Don’t open your mouth so wide. Gaping like that won’t help you one bit.
Stimme , how many times do I have to tell you, Stimme .
I don’t want to see you making grimaces.
Let’s take it again from the top.
I really couldn’t care less what you’re saying, I shit on all of you.
I shit on the listless cocks of all those jokers.
I want to hear your voice, my dear, not see your mimicry. Your little-girlish hatefulness doesn’t interest me at all. You can’t conjure voice out of mimicry, and hysterics can’t help you.
Please don’t open your mouth so wide, it’s ugly and unnecessary.
At the memory of this note, Gyöngyvér Mózes pricked up her ears, raised her head, wiped her tears, and listened into the mute night.
Was she hearing the noise of the elevator rising in the glass tube of the stairwell, which echoed the slightest little noise.
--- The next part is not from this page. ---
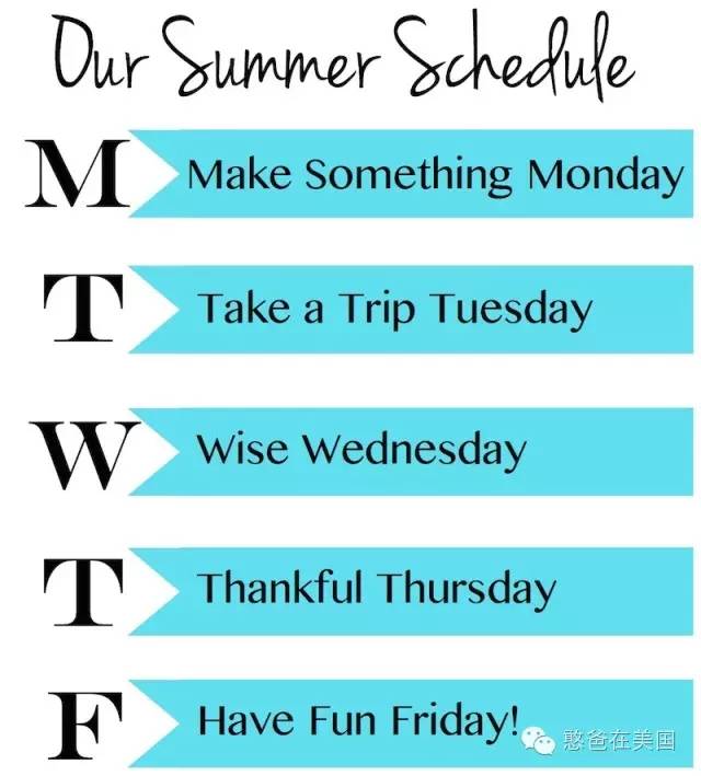 MTWTF就是对应了周一到周五,每天都会安排一个主题!比如礼拜一做个手工,礼拜二来个户外活动,礼拜三学点知识,礼拜四帮助他人,礼拜五做点有趣的事情!

She heard thuds, the pounding of running feet, booted and coming closer, shouts and then rattling, as when a window is smashed with a rifle butt.
She looked around for a hiding place.
That night of the second day of Christmas when a group of Arrow Cross thugs broke into this building and rousted everybody just as they found them out to the snow-covered street, Mrs. Szemző and her two sons had been long gone from their apartment. Alajos Madzar had placed very few objects in any given space, and with Mrs. Szemző he had a very easy time when it came to minimizing the need for objects. He put very simple, etched-glass-covered sconces with matte chromium-plated armatures on the rustically splattered walls. And in that space Gyöngyvér Mózes heard many notes she could not possibly have heard.